How to Research a Company Without Memorizing the About Page
Five hours of focused research will outperform fifty hours of generic prep. Here's where to look and what to take notes on.
Priya Iyer
Editorial Lead
Most candidates do company research that is wide and shallow — read the About page, glance at the team list, skim the press releases. Strong candidates do it narrow and deep. Five hours of focused research will give you better questions to ask, sharper context for your stories, and a real opinion to defend.
Five sources, in order of value
- The product itself. Sign up, use it for an hour, and write down three things you'd change.
- Engineering or product blog posts from the last twelve months. They reveal what the team is proud of.
- Earnings calls or fundraising announcements. They tell you the strategy the leadership is committing to publicly.
- Talks and conference appearances by your interviewers. They surface technical opinions you can engage with.
- Customer reviews on G2, Reddit, or community forums. They show you the product from the outside.
What to write down
Keep a one-page document per company.

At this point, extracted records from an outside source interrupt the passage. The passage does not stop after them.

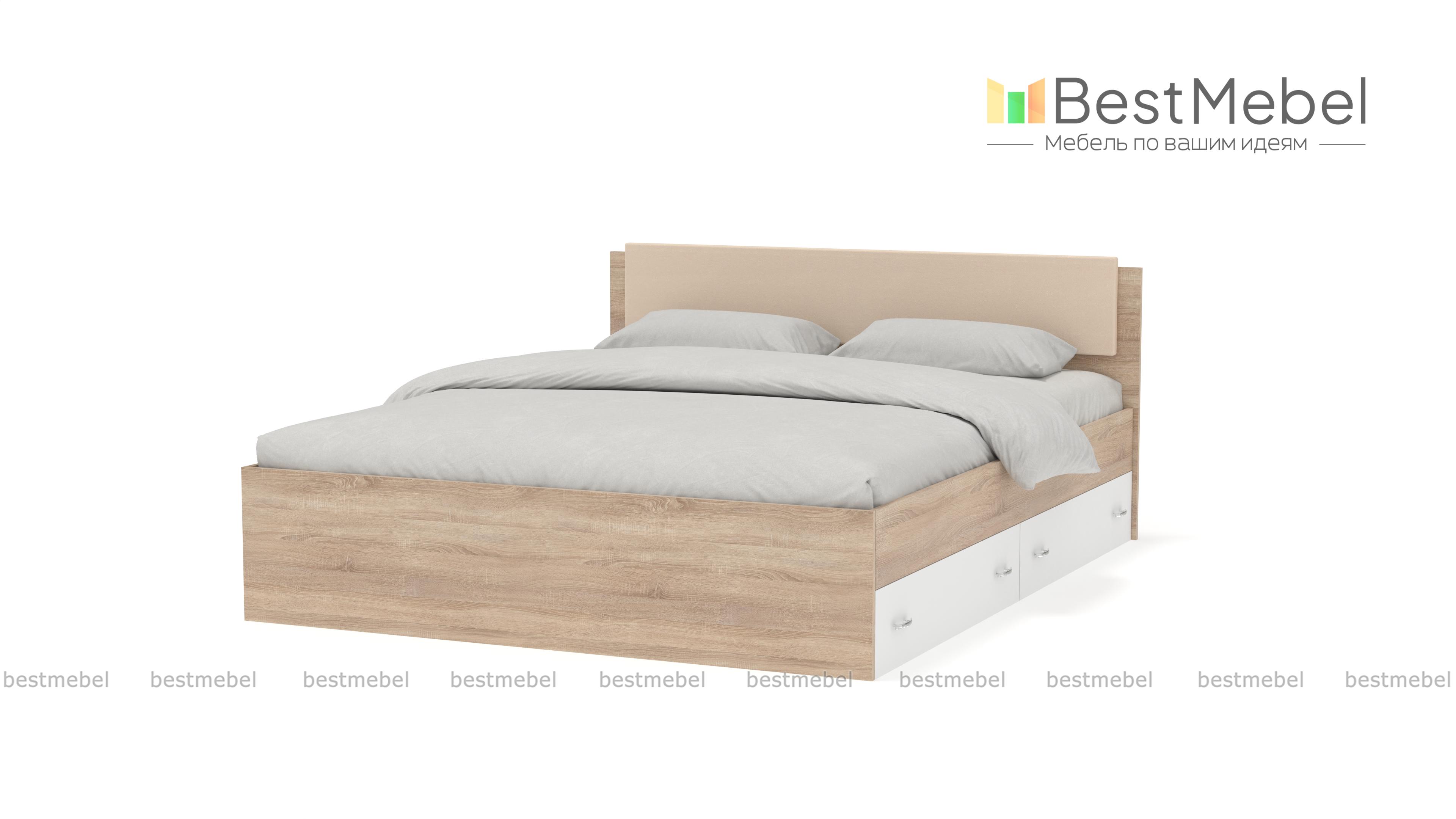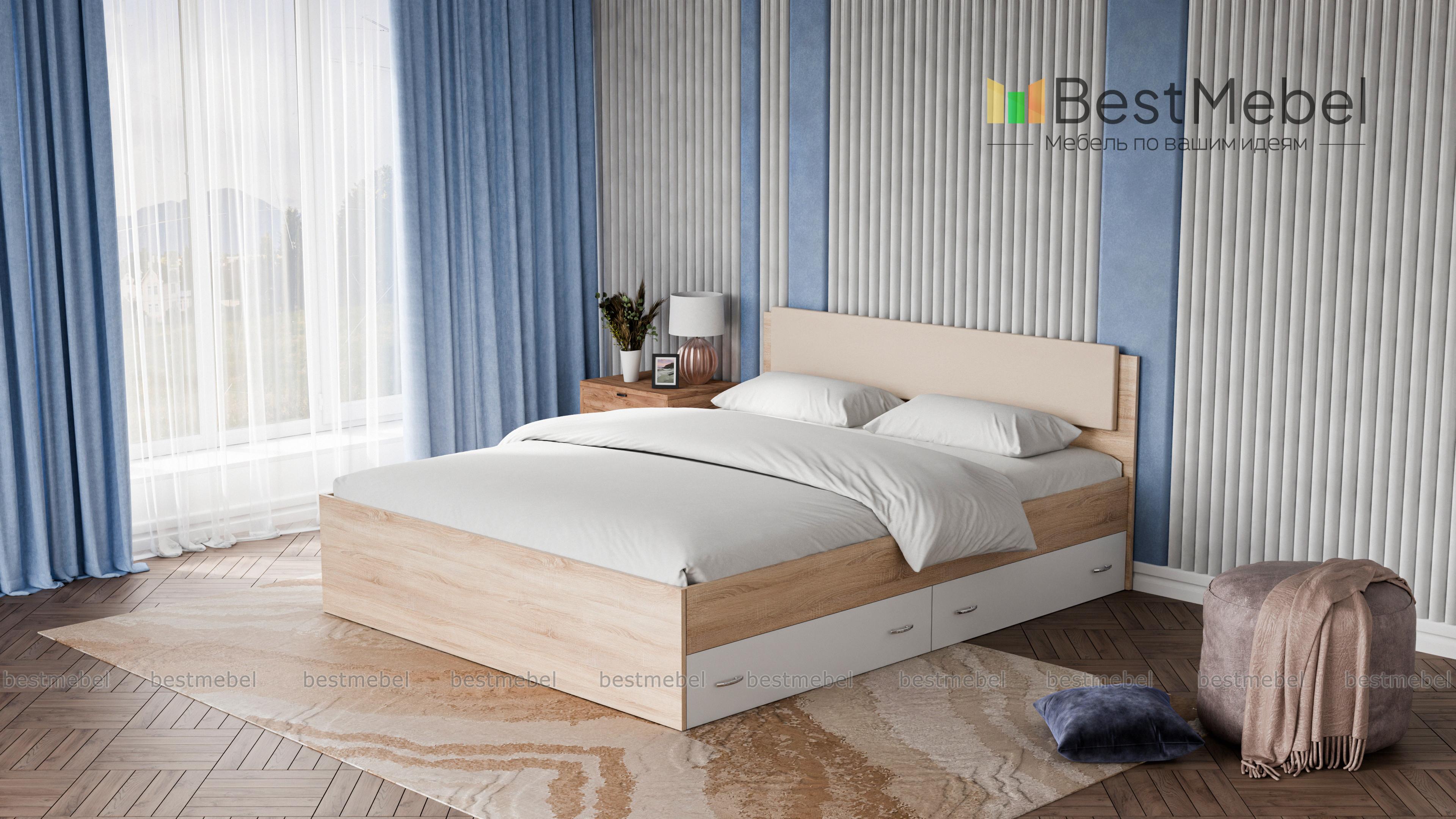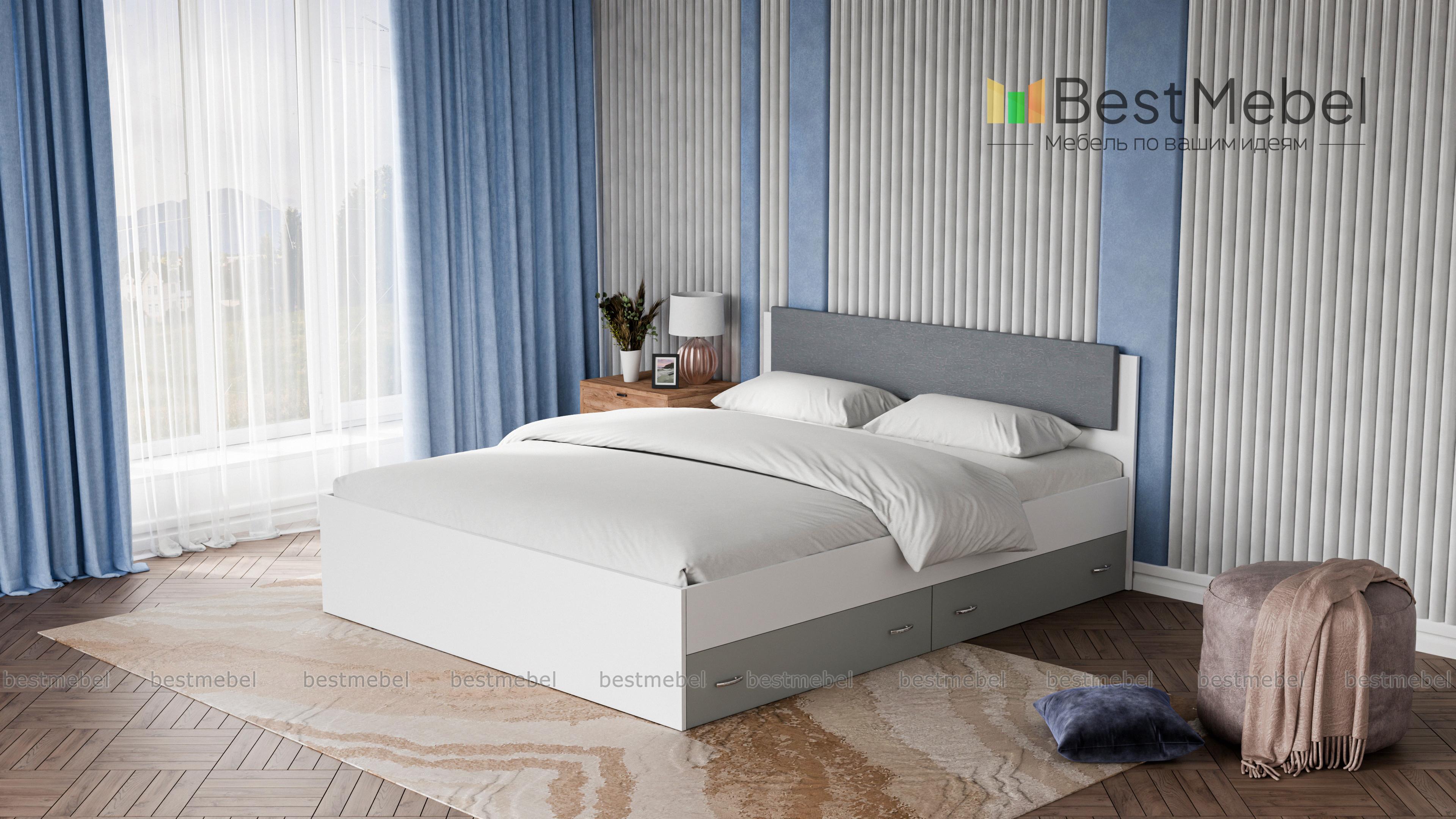 Кровать двуспальная Виктория Эко BMS станет частью элегантного современного спального интерьера. Выполненная в актуальных монохромных оттенках, кровать отличается строгой геометрией форм. Модель оборудована просторным и высоким спальным местом без спинки в изножье, спинка изголовья дополнена накладкой в мягкой обивке из экокожи в универсальном белом оттенке. Для удобного хранения постельных принадлежностей предусмотрены просторные ящики в основании. Купить кровать двуспальную Виктория Эко BMS приглашаем в наш интернет-магазин.
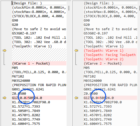“why the path is different from starting at the surface and going .025in down. Verses setting zero, surfacing .06in off, then having the vcarve set to go .085in deep”.
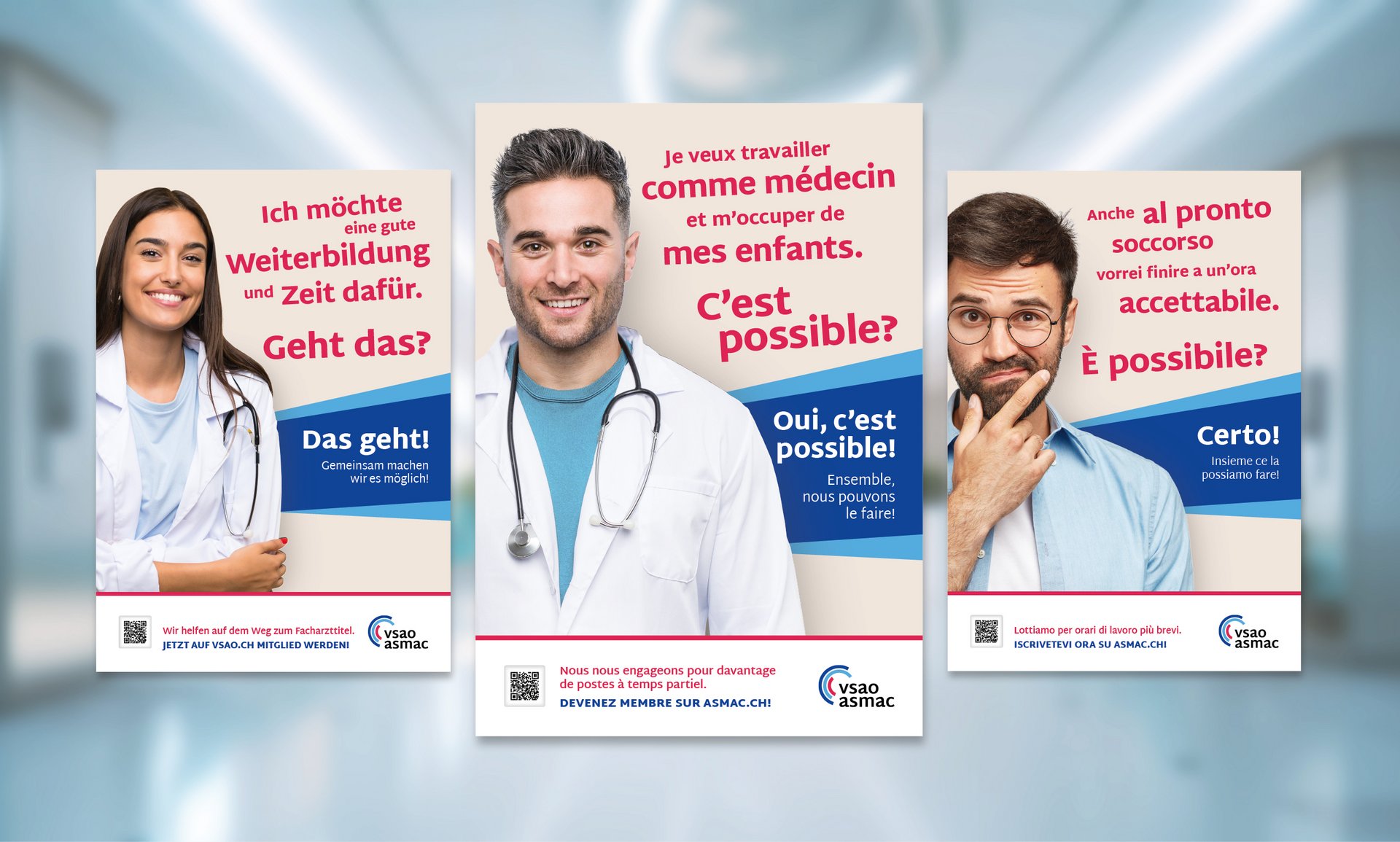 Comment atteindre un groupe cible qui travaille beaucoup et passe peu de temps sur les réseaux sociaux? C'était l'une des questions clés de cette campagne. L'équipe de Die Schwedin. connaissait la réponse, grâce aux projets que nous avions déjà réalisés avec la section bernoise de l'asmac. La décision a donc été prise d'adopter une approche cross-média: nous avons conçu une campagne d'affichage dans toute la Suisse, avec des placements à des points stratégiques, comme la gare centrale de Zürich, aux arrêts de transports publics devant les hôpitaux, ainsi que des flyers dans les cliniques. Parallèlement, nous avons diffusé plusieurs spots vidéo sur les réseaux sociaux avec des messages reflétant les thèmes clés de l'association et incitant le public-cible à rejoindre l’asmac. La seconde vague de la campagne a mis l'accent sur de la conversion, invitant activement les médecins à devenir membres. Toutes ces opérations ont été menées dans toutes les régions du pays, en allemand, en italien et en français.
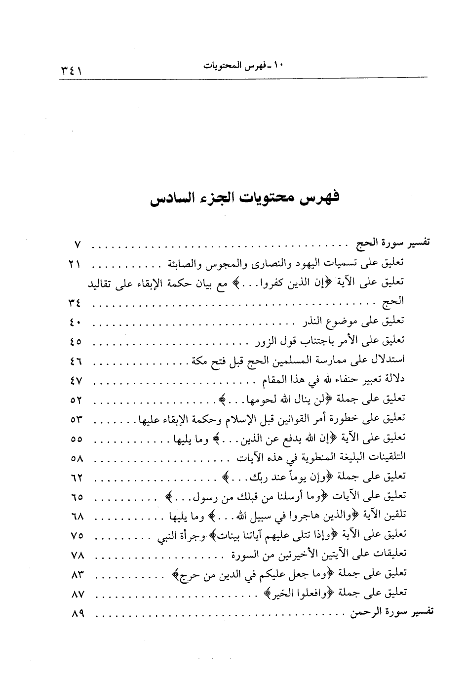 تفسير سورة الحج 7 تعليق على تسميات اليهود والنصارى والمجوس والصابئة 21 تعليق على الآية إِنَّ الَّذِينَ كَفَرُوا ... مع بيان حكمة الإبقاء على تقاليد الحج 34 تعليق على موضوع النذر 40 تعليق على الأمر باجتناب قول الزور 45 استدلال على ممارسة المسلمين الحج قبل فتح مكة 46 دلالة تعبير حنفاء لله في هذا المقام 47 تعليق على جملة لَنْ يَنالَ اللَّهَ لُحُومُها ... 52
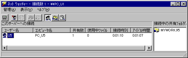 またネットウォッチャを使えば自分のマシンの共有リソースを使用している他のマシンを調べることができます。
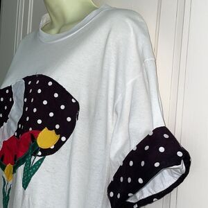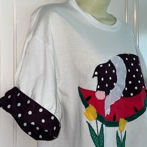 Vintage 1985 J.R. Morgan Designs white cotton long T-shirt with embroidered black with white polka dots pig eating watermelon on front with yellow tulips on front & back
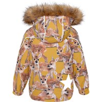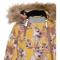 Hopla Fur is a functional and waterproof winter jacket in yellow with a print of small deer. The jacket's lining and interlining are recycled and made from recycled polyester. It has a detachable hood with a detachable faux fur edge, slanted zippers on the front, rib at the neck, elastic at the sleeves and Molo's iconic star reflectors on both upper sleeves and at the bottom of the back. The jacket also has high quality fleece at vulnerable spots and it has taped seams. This product has a water resistant, PFC-free surface treatment (Does not contain, e.g. PFOS, PFOA, etc). Water column pressure: 15.000 mm. breathable: 15.000 g/m2/24hr. They have straps with velcro for braces that can be purchased.
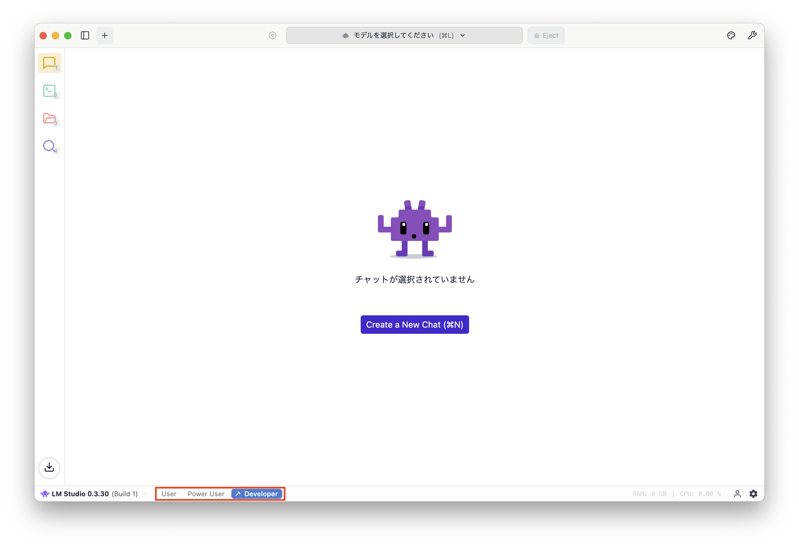 今回は、LLM を使うための API として利用したいため、アプリケーションを起動した後に Developer モードに変更する。 LM Studio を起動すると画像のような GUI アプリケーションが起動する。
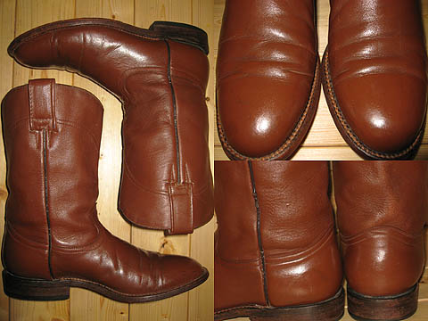 商品番号: pb-281 \7,875 売り切れ ■ブランド■COWTOWN ■製造国■MEXICO製 ■(表記とそれに基づく変換サイズ) 7D→約25.0m位の方にオススメ ■採寸■計測方法 丈 約27.0cm, 履き口周り 約37.0cm, ワイズ 約25.5cm, ヒール高さ 約2.5cm ■甲部分=本革・上部=本革 ■レザーソール ■状態について■ ★総合★中古品ですので使用感はありますが、使用上問題となるような損傷は見当たりませんでした。 ★表面★甲にシワ・シワ周りに擦れ、つま先・かかと周りに擦れ・擦れ汚れ・汚れ・軽い擦り傷、上部脛やアキレス腱周りにシワ付きによる擦れ・擦り傷、サイドパイピングにヒビ割れ破れあります。(写真参照) あまりにも神経質な方はお控え下さい。 ★ソール及びヒール部分★ソールは80%程度の使用感で、まだまだいけます。 ★靴の中★レザーライナーに使用感、履き口周りに多少の擦れ汚れはありますが、特に問題ありません。 ★ポイント★アメリカ購入のCOWTOWN製ペコスブーツです。甲に付いたシワ溝、上部の擦れが茶系本革ならではの良い味わい出しています。 |
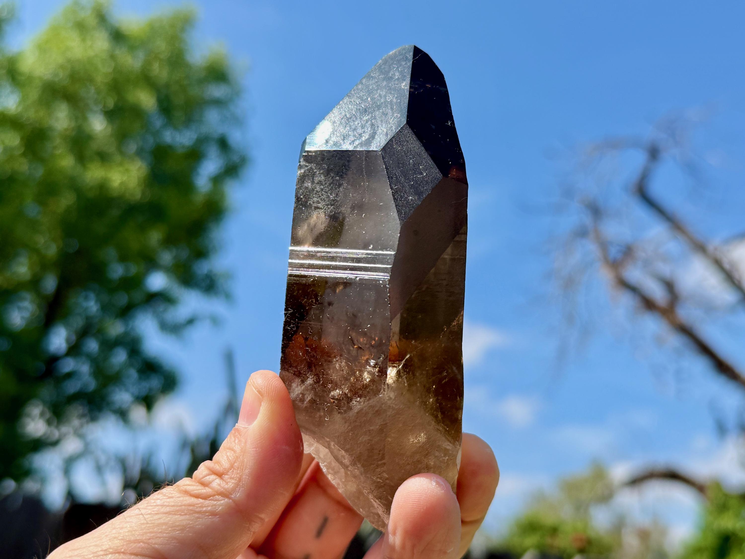 *Please note that the main facets of this crystal have been buff polished. This is done at the source for aesthetic purposes and to enable better viewing of the Blue Needle inclusions.

Three sections: What they're betting on, where they're vulnerable, and what I'd want to work on. The first two come from research, the third comes from your own taste. The document is for you, not them — but the questions you ask will come from it.
Map the loop to the research
Different rounds reward different research. Save your product opinions for the hiring manager round. Save your technical engagement for the engineering rounds. Save your strategic questions for the leadership chat. Bringing every piece of research to every round looks performative.